Office space optimization

Considerable savings made through remote working.

Service desk efficiency

Savings achieved from the reduced time taken and resources required to health check PCs.

Problem management

Business productivity has increased by reducing the time to find root cause.

Service recovery and continuity

Productivity was gained thanks to real-time data recovery. For example, data was recovered from a Skype for Business outage in one week, compared to the estimated one month it would have taken without real-time data.

ERP adoption and risk mitigation

With potential loss avoided due to over- or under- utilization of the system.

Targeted investments such as PC and memory upgrades

Savings were made by avoiding upgrades of machines with low memory and processor utilization by remediating the point problems.

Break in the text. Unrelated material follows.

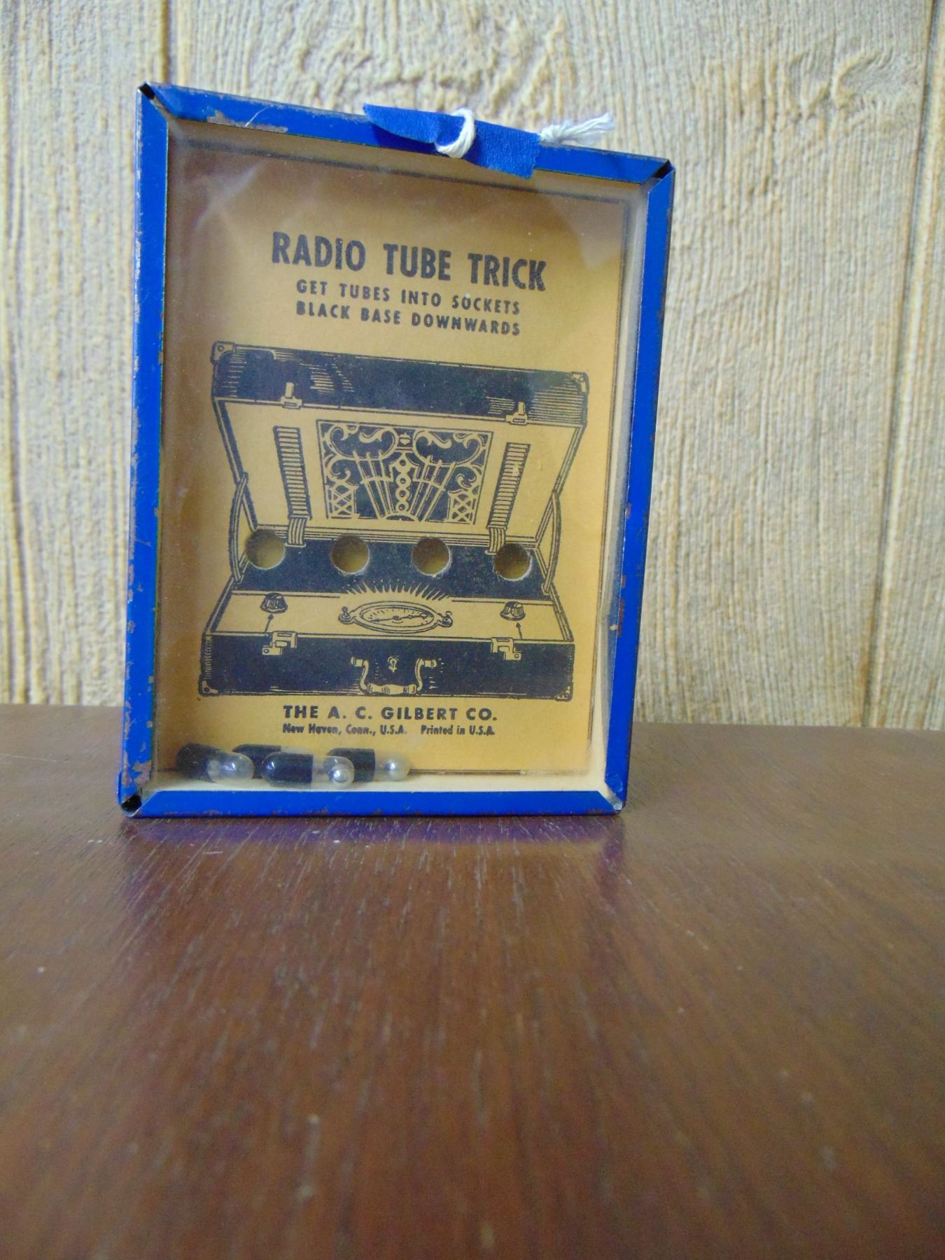 Radio Tube Trick game; get “tubes” into the “sockets”; cute!; nice; circa 1920's; made by A,C, Gilbert Co.

Microsoft Teams experience

Productivity is improved by focusing on Teams compliance, e.g. headsets, drivers on computers, and other causes of poor quality.

Service value

Since implementing its improved strategy, the company has seen happier users, quicker deployments, and realized significant license cost savings.

Having always been early adopters and forward thinkers, their entrepreneurial approach is improving shareholder value in an employee-owned company. For example, in their early adoption of Microsoft O365, the IT team was in the first round of users, so they could see the problems their users were going to have before they rolled the application out to the wider business.

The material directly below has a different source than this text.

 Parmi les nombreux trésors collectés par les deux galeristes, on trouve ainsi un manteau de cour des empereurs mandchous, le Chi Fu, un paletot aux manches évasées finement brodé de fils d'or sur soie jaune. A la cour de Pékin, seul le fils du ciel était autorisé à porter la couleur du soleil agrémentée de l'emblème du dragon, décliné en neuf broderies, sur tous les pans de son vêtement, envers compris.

Having had the mindset early on to move to the cloud and enable remote access, their approach enabled all 16,000 employees to work from home overnight when the Covid-19 pandemic hit. Realizing at this point just how mobile they were, they took a further week to resolve any minor issues, where many other companies had taken months. This allowed them to then focus on refining users’ experience as they worked from home.

With their focus as a leadership team on improving the home user’s experience, they’ve created cloud- based virtual desktops, for example. This enabled them to deliver improved performance of CAD applications when working from home.

In such testing times, the company has won significant projects, and when hiring new employees, they’re now able to deliver machines directly to the user with role-based images, so users no longer need to attend an office to collect their equipment. Instead, they can be enabled with the right applications from employment day one.

Their strategy to scale their IT service up so they don’t need to worry about it, and then focus on adding value to what people are doing and how people are working is certainly paying off.

down quote up quote Many teams are focusing on looking at their servers or the network, which can often lead to capacity issues. The simplicity of what we have means capacity issues are quickly addressed so that we can focus on improving the customer experience.